Is it true that if you put one of these by your pond heron's will stay away!
really concerned as my OH has removed the net from our pond and I do not want to risk my fish being served on a plate to the heron's!!!
DT


----------



## Guest (May 7, 2009)

I'd put the net back on, while plastic herons do work in some cases a real heron may start to wise up and realize it's a fake. The general theory is that if a heron sees another by a pond then it will simply move on and find another pond for its dinner.


----------



## Lily's Mum (Jan 22, 2009)

Don't know one way or the other but if the net has already been removed from the pond, then I guess it won't hurt to try.

Will a plastic bath duck not work?


----------



## Guest (May 7, 2009)

Lily's Mum said:


> Will a plastic bath duck not work?


I'm afraid not.


----------



## Guest (May 7, 2009)

So if I keep moving the heron around would it help?


----------



## Guest (May 7, 2009)

DoubleTrouble said:


> So if I keep moving the heron around would it help?

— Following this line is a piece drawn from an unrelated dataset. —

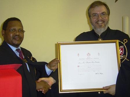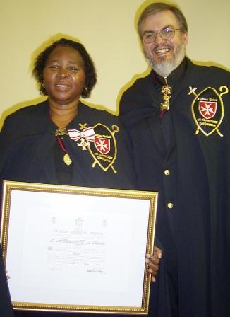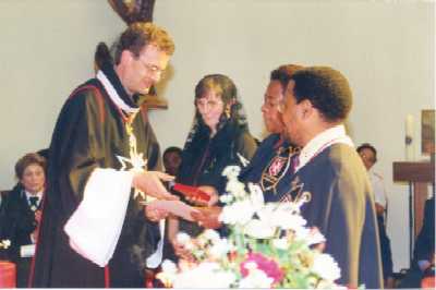 Mrs. Clare Kalkwarf (deceased), Dr. Paul Thabethe and Mrs. Nokuthula Thabethe with the Silver Medal of the "Order pro merito melitensi" (9.7.2000)

It might do, every method is trial and error really.


----------



## Guest (May 7, 2009)

Put the net back!!!!!!

We lost all our fish to a Heron at our old house in one night


----------



## Guest (May 7, 2009)

Would having two plastic ones help at all?
DT


----------



## Lily's Mum (Jan 22, 2009)

here you go sweet heart.

If you look you can read other peoples reviews whom have bought and used the products.

I sincerely hope to help.

http://www.winbuyer.co.uk/cat-113/k...1/?c=7500113&gclid=CKynp7-eqpoCFUQI3wod3S-S0w


----------



## Guest (May 7, 2009)

rainy said:


> Put the net back!!!!!!
> 
> We lost all our fish to a Heron at our old house in one night


That's two votes in favour of the net...


----------